The memo surfaced during a Hong Kong corruption trial and changed everything. "We all know this park is only an excuse for village relocation," Thomas Kwok had written — Thomas Kwok of Sun Hung Kai Properties, one of the wealthiest real estate empires in Asia. The park he was referring to was a full-size replica of Noah's Ark, beached on the shore of Ma Wan Island in the shadow of the Tsing Ma Bridge. It is an unlikely sentence to find attached to an evangelical Christian theme park. But Noah's Ark Hong Kong has always been more complicated than its animals.
Ma Wan is a small island wedged between Lantau and the New Territories, dominated by the soaring cables of the Tsing Ma Bridge. Planning for Ma Wan Park began in 1997, the year of Hong Kong's handover to China, after the government agreed to subsidise construction by 800 million Hong Kong dollars. Sun Hung Kai Properties, led by brothers Thomas and Raymond Kwok, drove the project as part of a broader development plan that included the nearby Park Island residential complex. Construction began in 2005. The first phase — a free nature park — opened in 2007, a year behind schedule. The rest followed in December 2008, with a limited opening in March 2009 and a full launch in May of that year. What visitors found when they arrived was a multi-storey building with a facade built to resemble the biblical ark, improbably large, parked beside the sea.
The centrepiece structure houses a hotel and youth hostel on its upper floors, and an immersive multimedia experience below. Inside, guides lead visitors through a sequence of theatres and galleries with a creationist narrative: an introduction to Judeo-Christian teaching from the time of Moses, a reconstructed Holy of Holies with a replica of the Ark of the Covenant, and reflections on the challenges facing Earth and humanity today. The suggested response to those challenges is acceptance of Christianity and biblical teaching. The experience concludes with a history of the Bible in China. Outside, 67 life-size pairs of animal sculptures flank the gangway — fiberglass tigers, giraffes, elephants, an inventory of the world's creatures disembarking from the hull. Elsewhere on the grounds, staff in period costume occasionally portray the Holy Family while others play pursuing Roman legionaries. The park also features a nature garden, a children's play area, climbing courses, and a small animal enclosure.
In 2012, Thomas and Raymond Kwok were charged with bribing Rafael Hui — Hong Kong's former Chief Secretary for Administration from 2005 to 2007, the official who had overseen the Ma Wan Park project during its construction. The allegation was that Hui had been paid to be the brothers' "eyes and ears in government." The total amount paid by Thomas Kwok to Hui reached HK$8.5 million. The case, prosecutors argued, illustrated the dangerously close relationship between Hong Kong's most powerful developers and its government. In December 2014, a jury in the Court of First Instance convicted Thomas Kwok of conspiracy to commit misconduct in public office. He was sentenced to five years in prison and fined HK$500,000. Rafael Hui received seven and a half years. Raymond Kwok was cleared of all charges. The memo about the park being an "excuse for village relocation" — for displacing the original Ma Wan residents in favour of premium housing — made international headlines.
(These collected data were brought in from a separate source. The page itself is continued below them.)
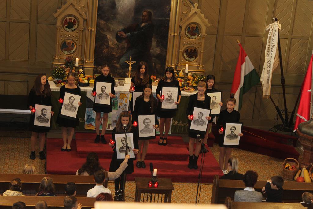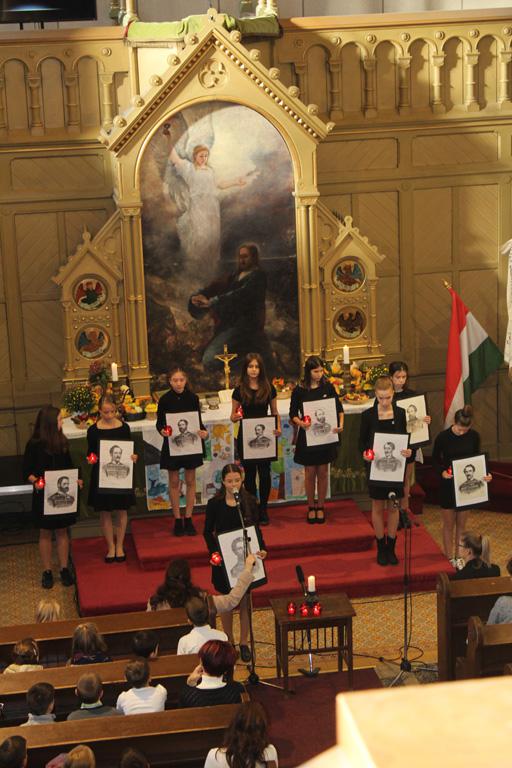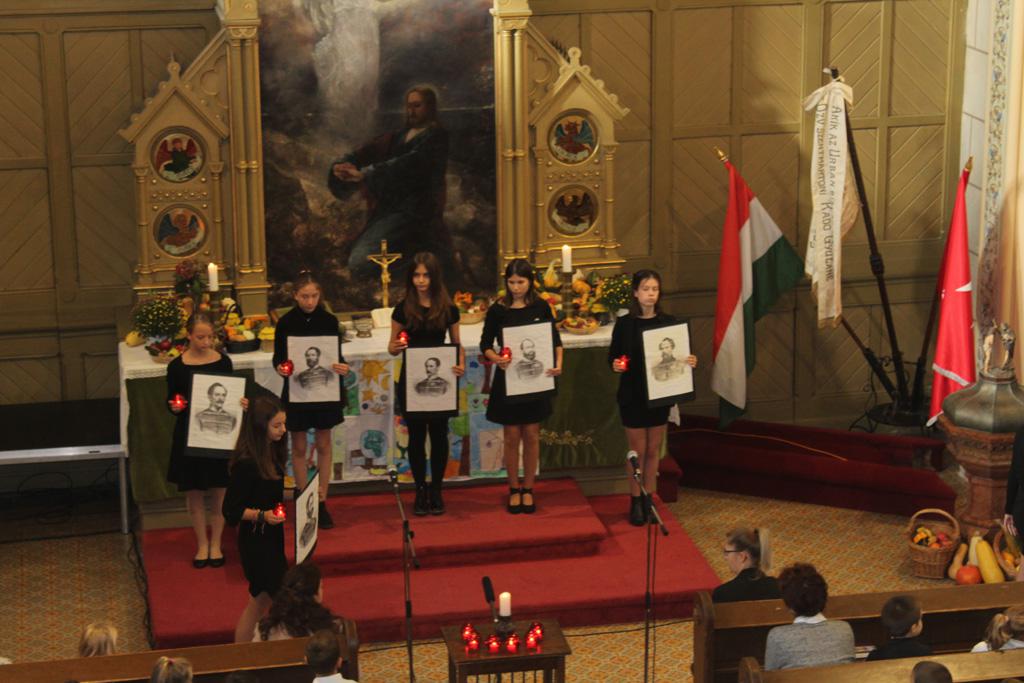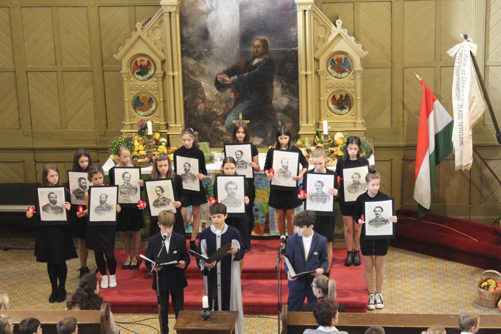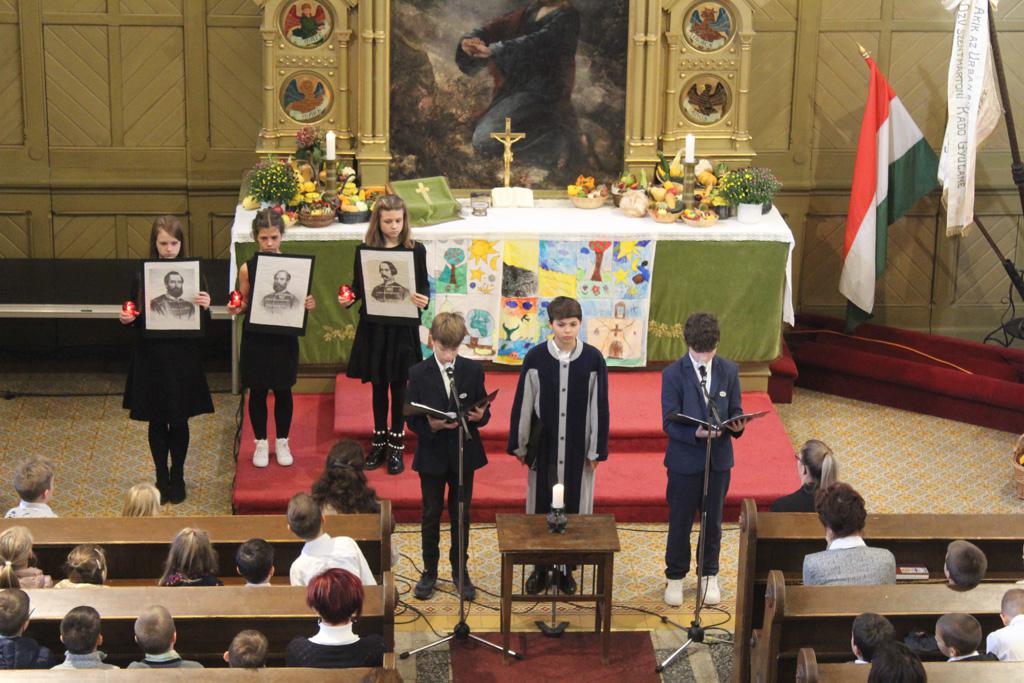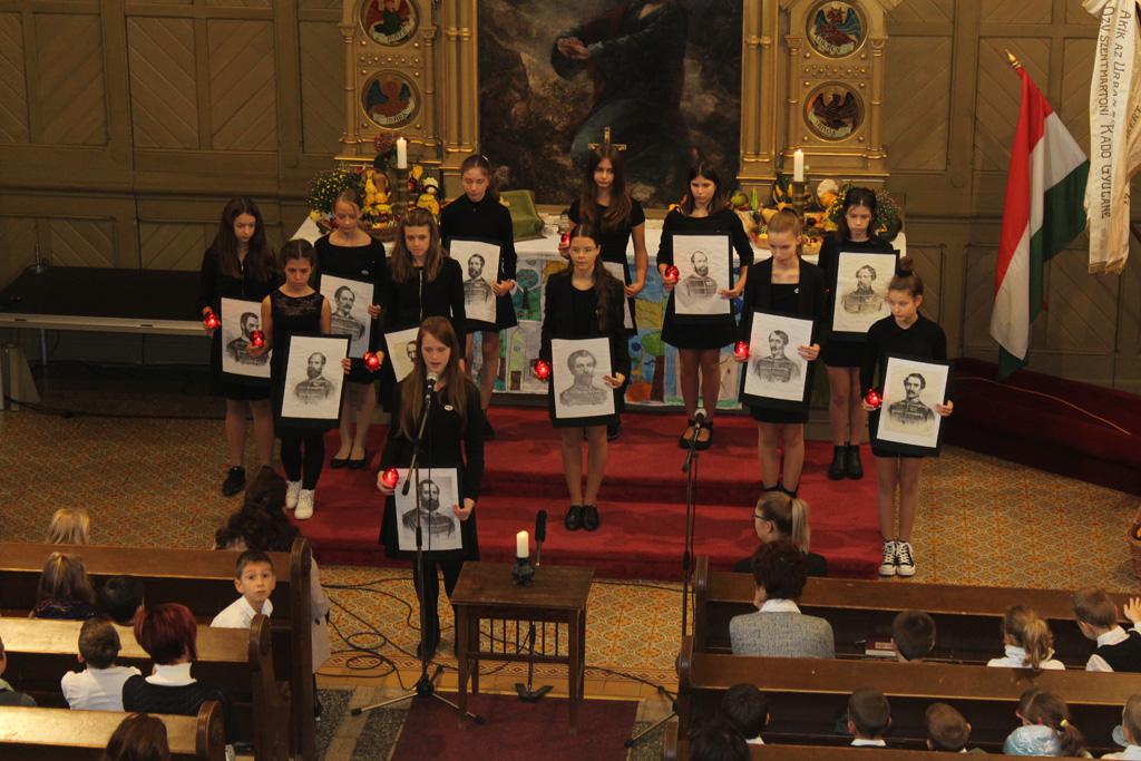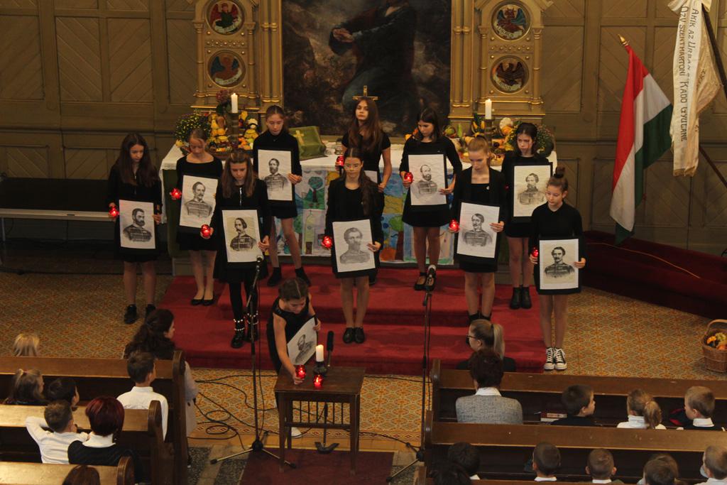 A Reményik Sándor Evangélikus Óvoda, Általános Iskola és AMI tanulói a hétfői áhítat keretében emlékeztek a 13 aradi vértanúra, akik életüket adták Magyarország függetlenségéért. A 7. évfolyam diákjai által előadott műsor - az azóta gyásznappá nyilvánított - október 6-ai eseményeket idézte fel.
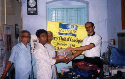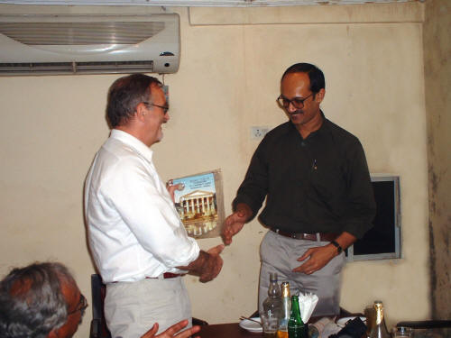 Exchanging Flags with Dr P. Mossman of R.C.Barcelona, Spain |
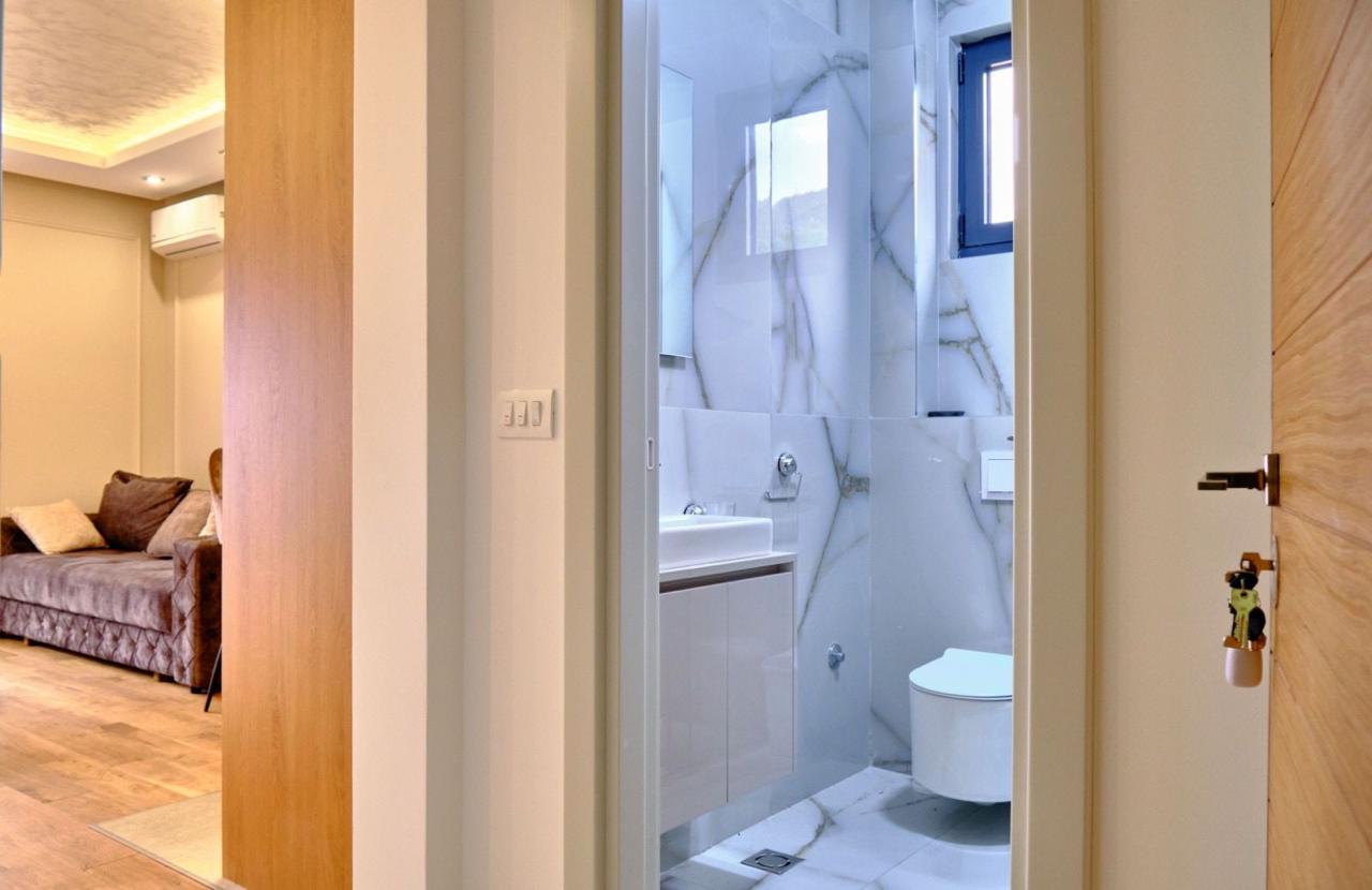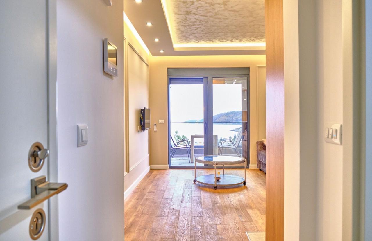 ulazni hodnik, kupaonica, kuhinja, blagovaonica i dnevni boravak s pogledom na more. Spavaća soba s terasom. Pogled na more.
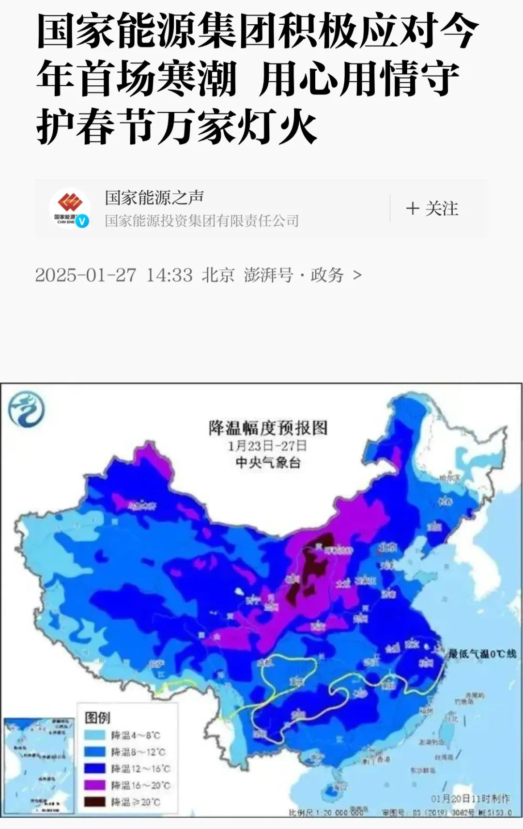 1月27日,澎湃新闻刊发新闻《国家能源集团积极应对今年首场寒潮 用心用情守护春节万家灯火》,介绍国家能源集团在寒潮期间的多项重点防范举措。
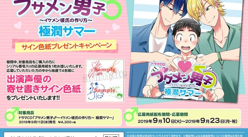 Fans who purchase the latest Busamen Danshi BLCD (released 9/10/2019) from Animate will receive a serial number that can be used to enter a special lotterCly. Four lucky fans will win a signboard with autographs of four of the series’ seiyuu, incand luding Kiiyan, Hatano Wataru, Shimono Hiro.
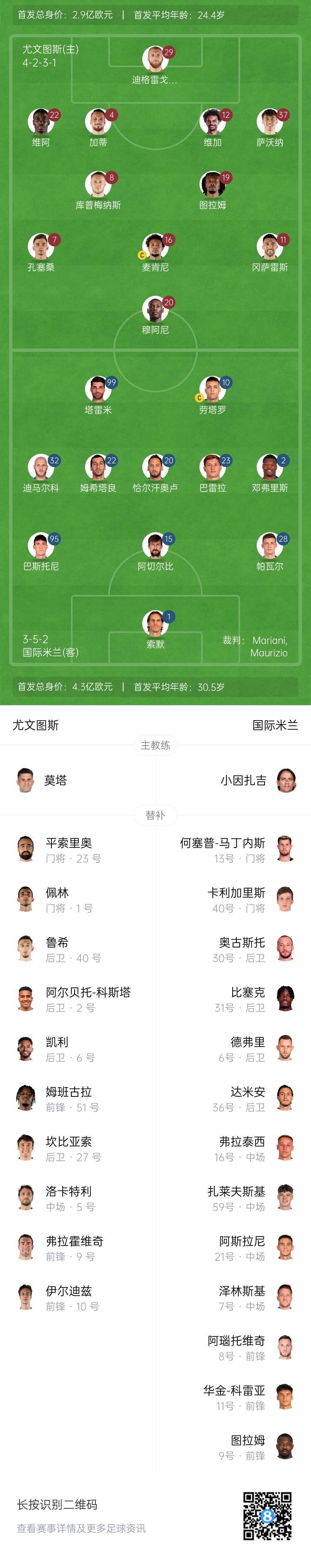 尤文首發(fā):29-迪格雷戈里奧、22-維阿、4-加蒂、12-維加、37-薩沃納、8-庫普梅納斯、19-凱夫倫-圖拉姆、7-小孔塞桑、16-麥肯尼、11-尼古拉斯-岡薩雷斯、20-穆阿尼
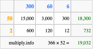 Below is an illustration showing you how to calculate 366 times 52 using the box method, using the instructions above.
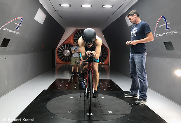 Geoff Eaker had to use his bag of tricks to mount the Cervelo P5X onto the wind tunnel stand. But Eaker will be better prepared next time as he knows that he will likely see more thru axle disc brake bikes coming his way.
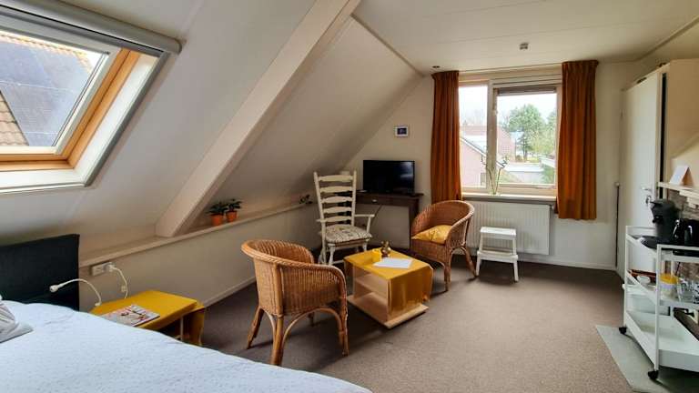 Im B&B overnachting de Margriet können Sie Fahrräder ausleihen und die Umgebung erkunden. Es gibt auch einen schönen Garten, eine Gemeinschaftslounge und eine Terrasse, auf denen Sie sich entspannen und die Natur genießen können.
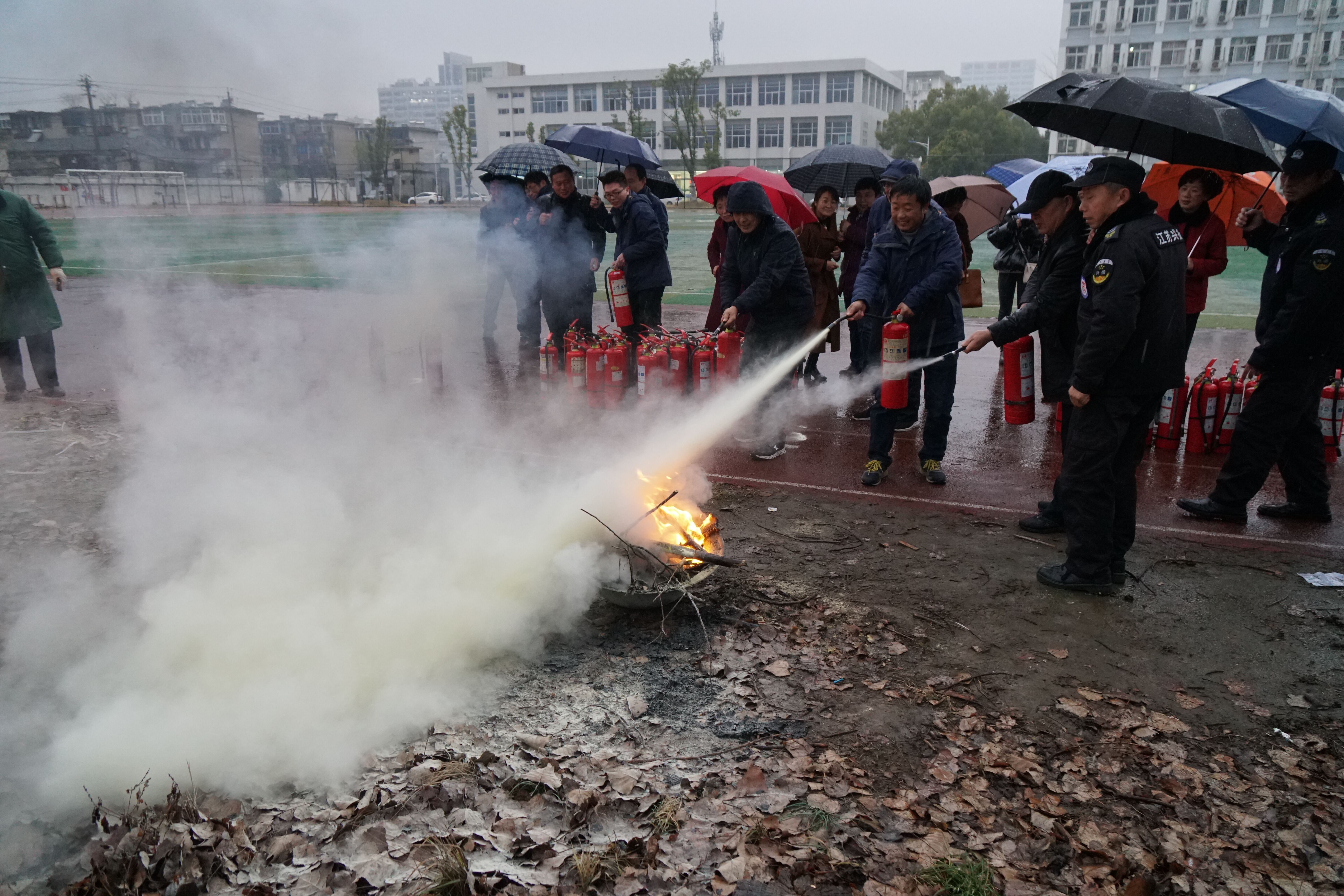 周济人副院长强调冬季消防安全工作的重要性,安全工作是学院工作的重中之重,每位老师都要在思想和行动上高度重视,时刻绷紧消防安全这根弦不放松。校保卫处杭天龙科长在会上做了“火灾危害与消防工作”的专题报告,着重从校园家庭住宅火灾防控、实验室消防安全等方面进行了专业讲解,帮助与会的老师更多地了解和掌握冬季消防安全的常识和技巧。会后,参会老师来到江阳路南校区南操场进行了灭火器使用操作演练,每位老师都在保卫处工作人员的指导下,现场规范使用灭火器进行了扑灭火灾的实际操作训练。

Whatever the circumstances of its creation, the ark's location is genuinely dramatic. The Tsing Ma Bridge, completed in 1997, is one of the longest suspension bridges in the world carrying both road and rail traffic. From Ma Wan's shoreline, the bridge's twin towers rise above the water in a way that makes the scale of the ark feel almost proportionate. The island retains a small fishing village alongside its newer developments. Visitors reach Ma Wan by ferry from Tsuen Wan or by bus through the Tsing Ma Bridge itself. The nature park portion of the grounds — free to enter — preserves native trees along terraced hillside paths. Hong Kong's capacity for holding contradictory things in close proximity is perhaps best illustrated here: an enormous biblical vessel, a corruption conviction, a free nature walk, and one of the engineering achievements of the twentieth century, all on the same island.
Noah's Ark sits on Ma Wan Island at 22.348°N, 114.062°E, directly beneath the northern approach to the Tsing Ma Bridge. The distinctive ark-shaped building is unmistakable from above, aligned with the island's western shoreline. The nearest major airport is Hong Kong International (VHHH), approximately 8 km to the southwest on Lantau Island. At 1,500 feet, the bridge towers are visible on either side of the island. The approach to runway 07L at VHHH passes just south of Ma Wan at low altitude on clear days. Ma Shi Chau to the northeast and the Kap Shui Mun Bridge to the south provide additional orientation points.